COLLECTED MATERIAL

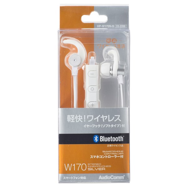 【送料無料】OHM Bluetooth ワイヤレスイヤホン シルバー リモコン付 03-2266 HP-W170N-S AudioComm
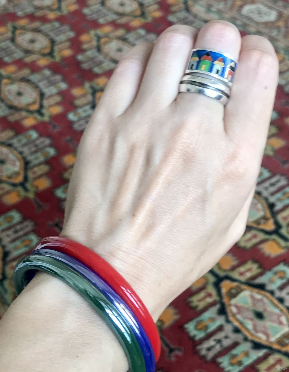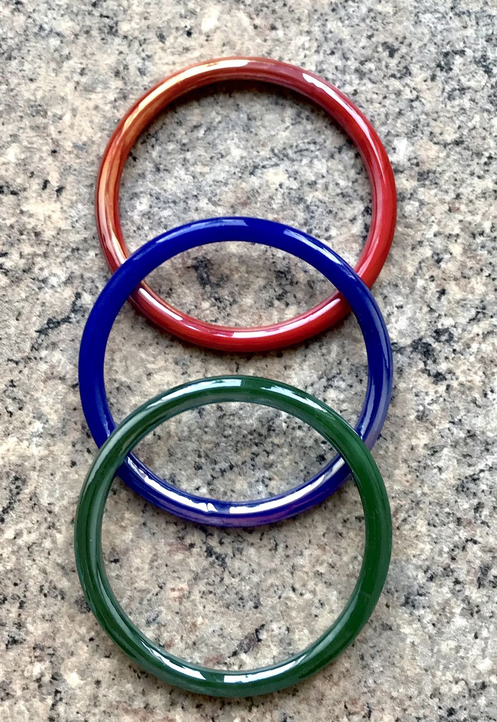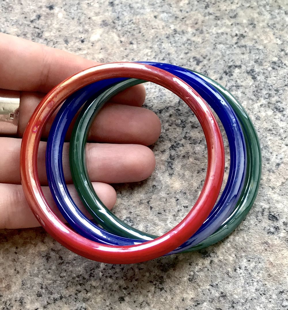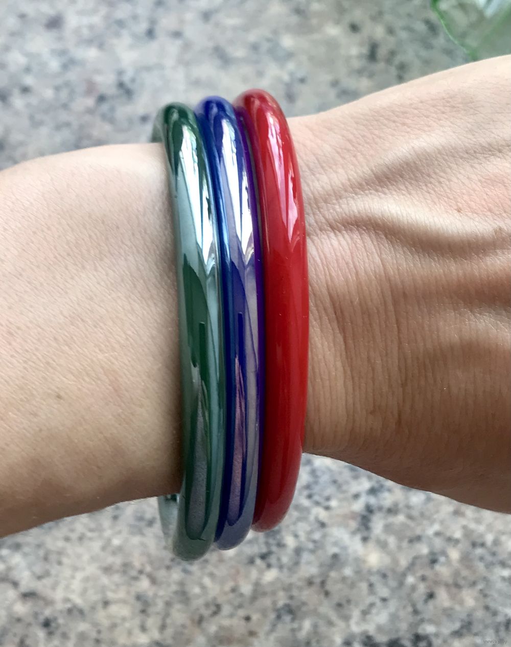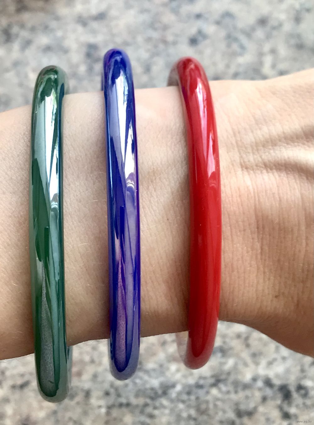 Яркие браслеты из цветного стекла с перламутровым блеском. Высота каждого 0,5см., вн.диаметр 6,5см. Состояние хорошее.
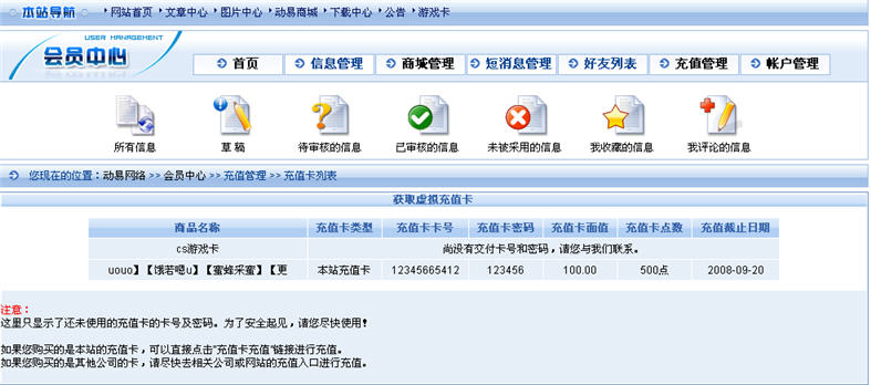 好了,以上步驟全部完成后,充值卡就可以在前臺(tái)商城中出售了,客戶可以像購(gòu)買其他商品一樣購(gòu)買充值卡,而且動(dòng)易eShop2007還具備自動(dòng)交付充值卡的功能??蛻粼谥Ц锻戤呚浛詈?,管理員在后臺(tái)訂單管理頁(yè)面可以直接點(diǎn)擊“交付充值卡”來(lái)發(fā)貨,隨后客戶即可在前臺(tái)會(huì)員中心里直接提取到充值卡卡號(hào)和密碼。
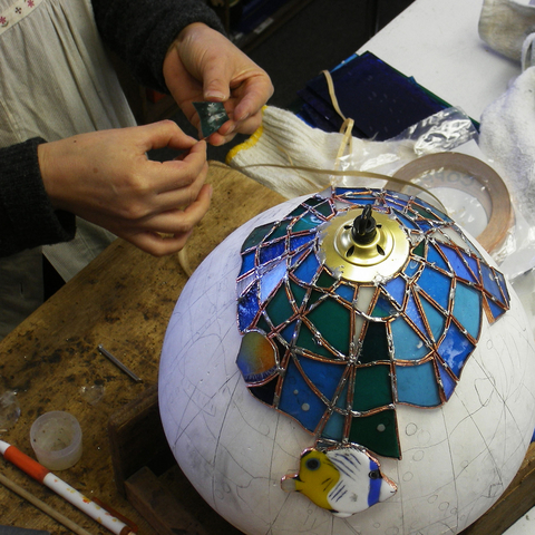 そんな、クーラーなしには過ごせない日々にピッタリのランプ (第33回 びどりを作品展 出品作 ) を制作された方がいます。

TASK STATEMENT
Give back all the data exactly, minus pictures.

RESULT FOR THIS EXERCISE
 【送料無料】OHM Bluetooth ワイヤレスイヤホン シルバー リモコン付 03-2266 HP-W170N-S AudioComm
 Яркие браслеты из цветного стекла с перламутровым блеском. Высота каждого 0,5см., вн.диаметр 6,5см. Состояние хорошее.
 好了,以上步驟全部完成后,充值卡就可以在前臺(tái)商城中出售了,客戶可以像購(gòu)買其他商品一樣購(gòu)買充值卡,而且動(dòng)易eShop2007還具備自動(dòng)交付充值卡的功能??蛻粼谥Ц锻戤呚浛詈?,管理員在后臺(tái)訂單管理頁(yè)面可以直接點(diǎn)擊“交付充值卡”來(lái)發(fā)貨,隨后客戶即可在前臺(tái)會(huì)員中心里直接提取到充值卡卡號(hào)和密碼。
 そんな、クーラーなしには過ごせない日々にピッタリのランプ (第33回 びどりを作品展 出品作 ) を制作された方がいます。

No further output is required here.